Michael Crichton's "Next": Good writing, messy presentation
An anthology of stories built around social & ethical issues concerning genetics. But presented as a novel rather than story collection; that is what makes it a somewhat tedious reading. Some 25 untitled stories running in parallel - 2 pages at a time, & may be 100 characters between them - that merge into 5-6 stories towards the end of the book.

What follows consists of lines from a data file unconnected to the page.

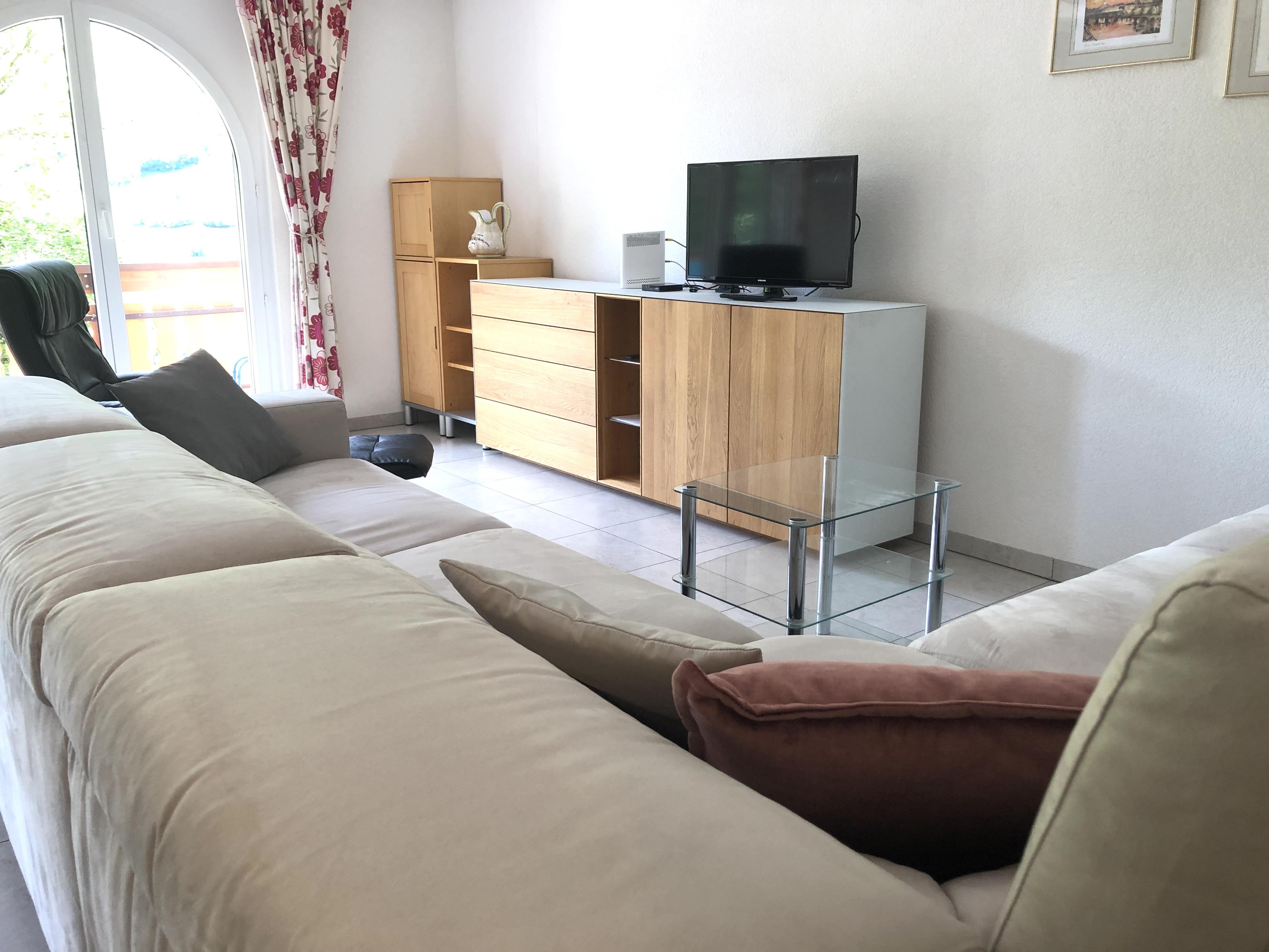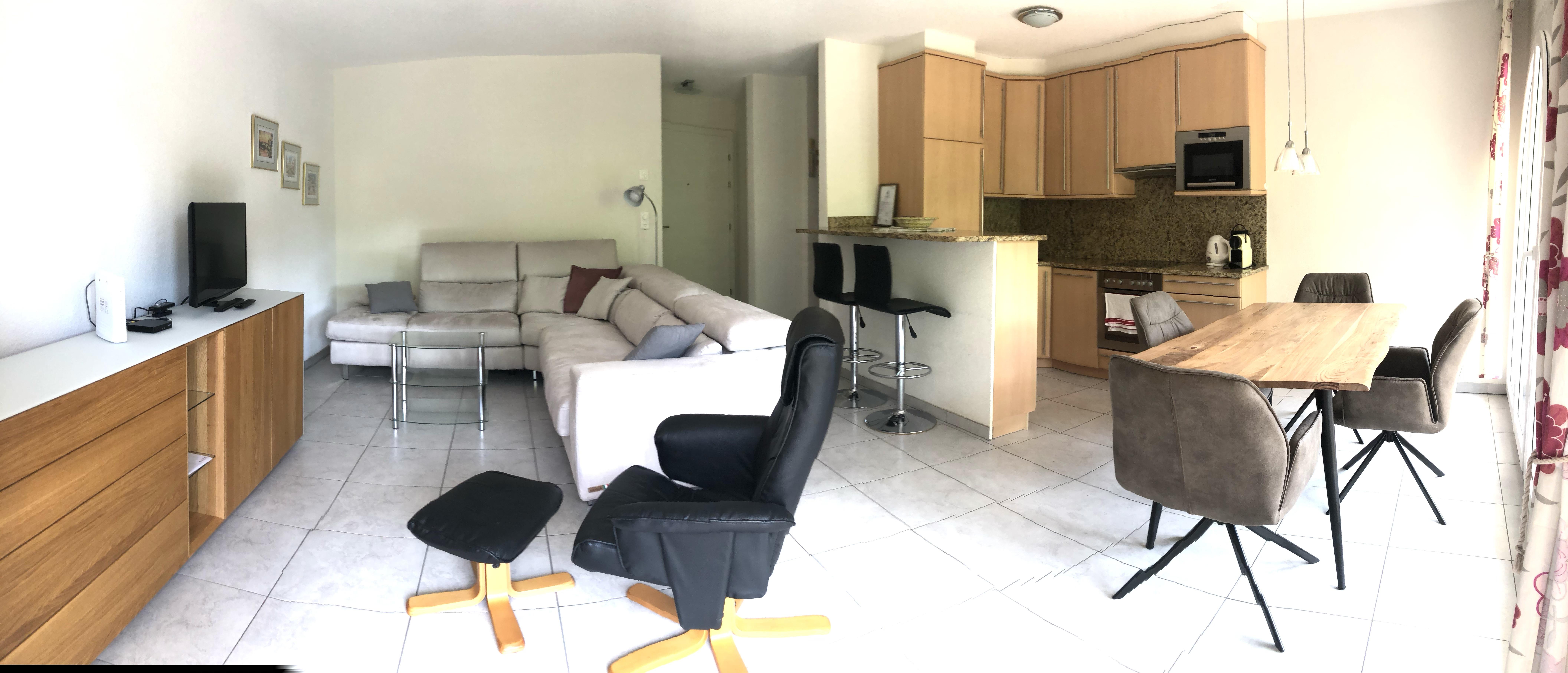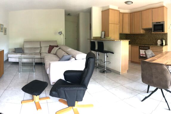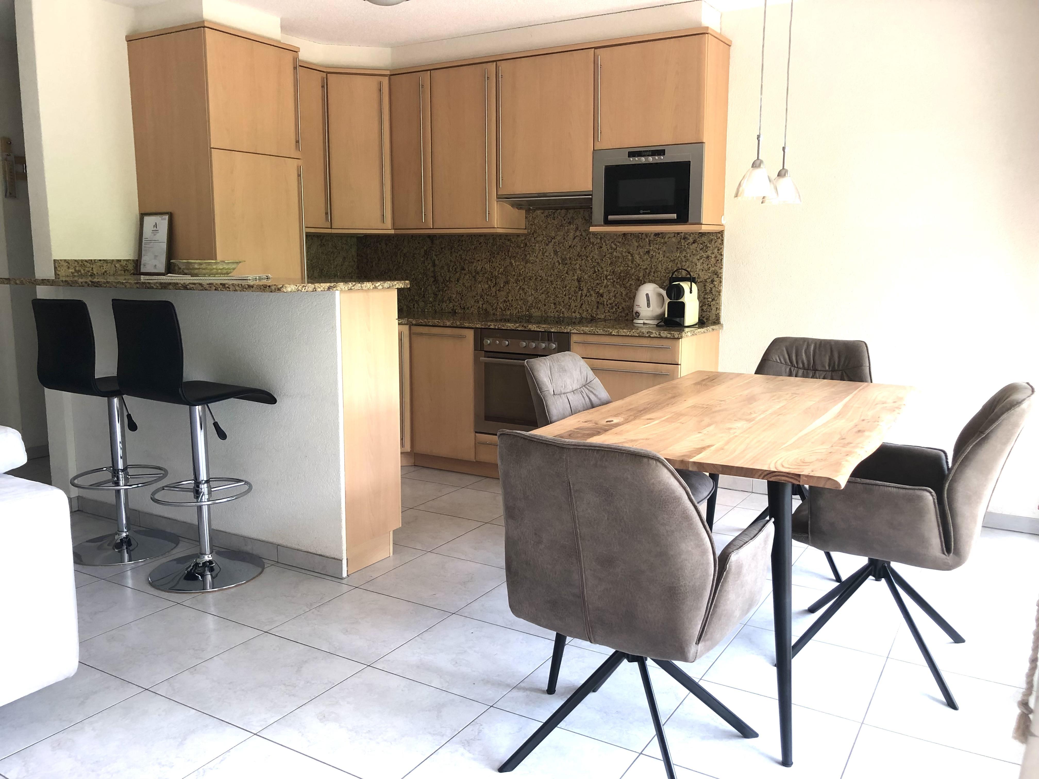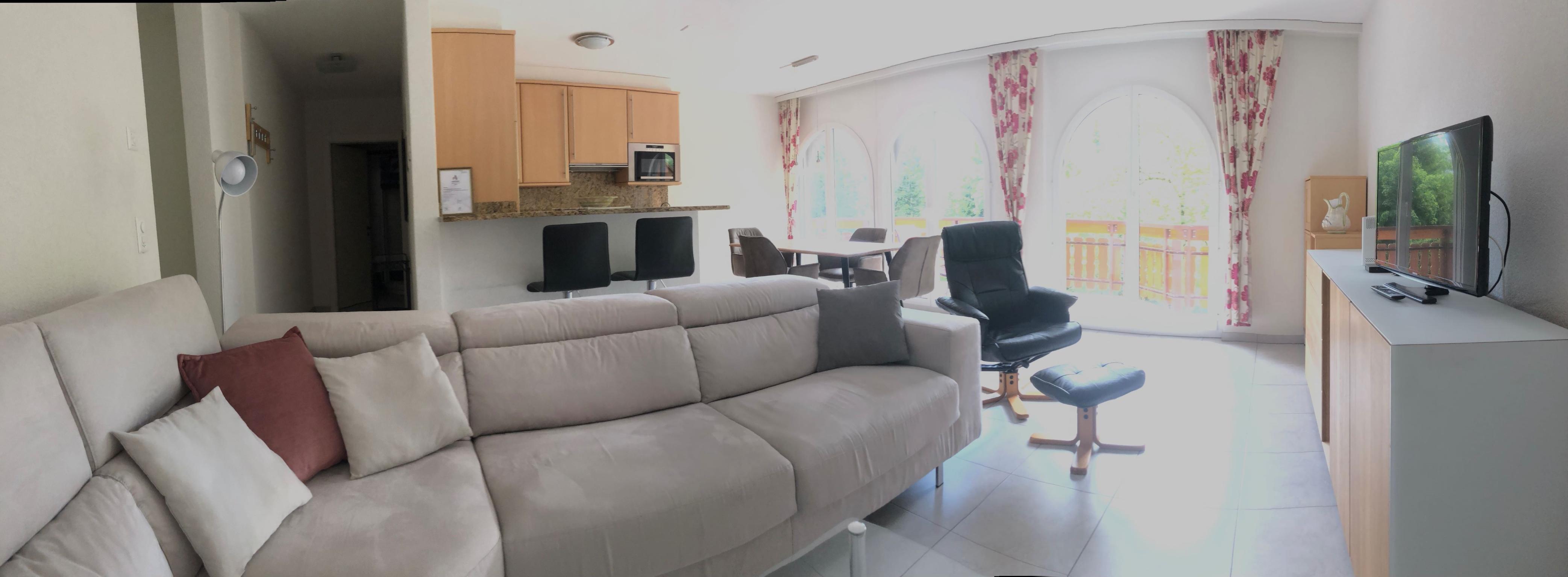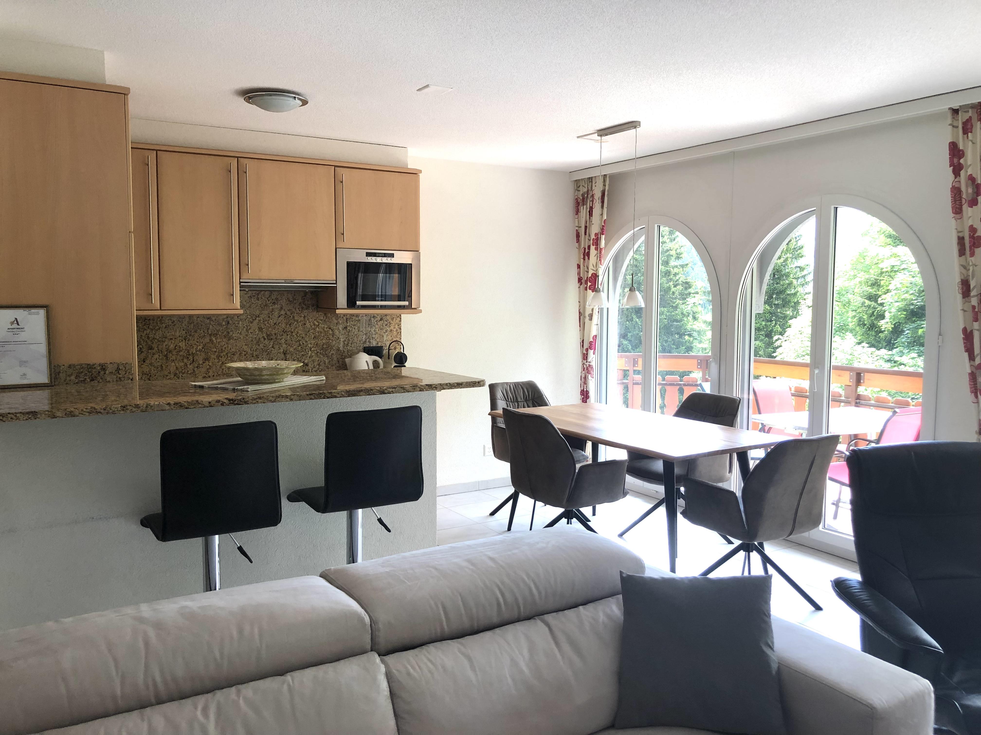 Luxuriöse, helle 2-Zimmerwohnung, im Erdgeschoss, exklusiv eingerichtete moderne Wohnküche, Wohnzimmer mit Doppel-Sofabett und Bar, 1 Doppelschlafzimmer mit eigener Dusche/WC, TV, Radio/CD, gratis WiFi, Süd-Balkon mit Panoramablick. Ruhige Lage, Aufzug, Ski- & Veloraum, Kinderspielplatz. In der Nähe: Torrentbahnen, Thermalbäder, Ortsbus-Haltestelle, Dorfzentrum. Garage zu mieten im Haus. Nichtraucher-Wohnung.
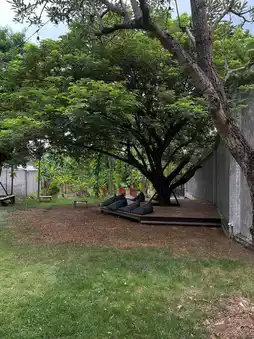 • There's an indoor area for working or relaxing in peace, and an outdoor area for the kids to play.
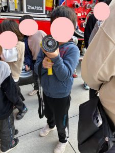 ホースの先の消防ノズルをひねると放水の種類を切り替えることが出来て、子どもたちは、水の勢いを体験することができてとても喜んでいました😄
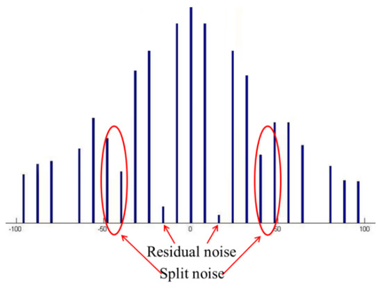 where e stands for the total noise introduced by truncation error and rounding error. Generally, according to [24], e comprises two kinds of noise, i.e., residual noise and split noise, as shown in Figure 5. The residual noise is usually very small. In contrast, the split noise is relative large and can decrease the detection performance significantly. This kind of noise appears when a bin of the first quantization (in position ) falls exactly halfway between two neighboring bins in position and as:
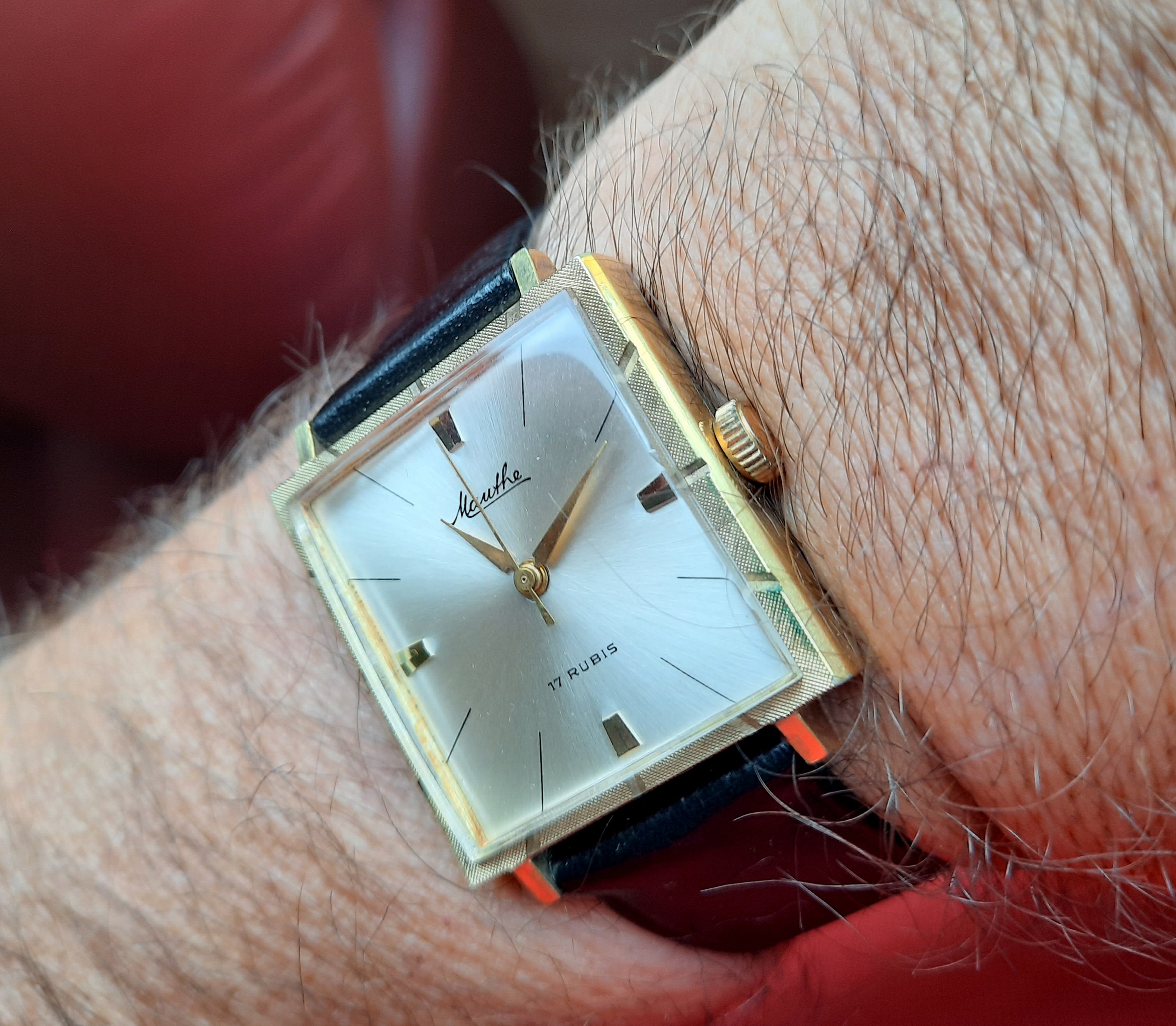 Wel een horloge dat je onder het juiste licht moet fotograferen. Die gilt dial is wel een beetje verdonkerd dus als je even bij de verkeerde lichtval kijkt lijkt de hele plaat wel zwart.

Most of the stories are unremarkable, but there are two exceptions:
1. A horror story based on gene patents.
True fact: There are genes inside your body that are now patented & owned by someone else! Legally, you do not own all of your own body.
Story summary: A dying cancer patient is cured by a competent doctor. What he is not told is that he was actually cured by a rare gene he has that is apparently effective against some cancers.
The wily doctor makes him visit for several years after cure, & keeps collecting his body tissue. Eventually, doctor isolates his cell line & sells it to a pharma company.
Rest is court room drama, kidnapping & chase that is both bizarre & typical Hollywood. And very plausible.
2. A comedy built around a talking parrot that has been injected with some human genes.
I might have rated this book higher if it was presented as a story collection rather than a novel. In the present form, it takes a paragraph or two into every section before you figure out which of the many stories is being continued!
Fact sheet.
Next, novel, review
First published: 2006
Rating: B
See also.
- Arthur Clarke's "An Ape About the House" (1962): Story of an engineered chimpanzee that can speak like humans, & is sold as a servant & babysitter - but turns out to be more talented than anyone suspected. Can be read alongside the story in "Next" where an engineered baby has a chimp mother & a human father.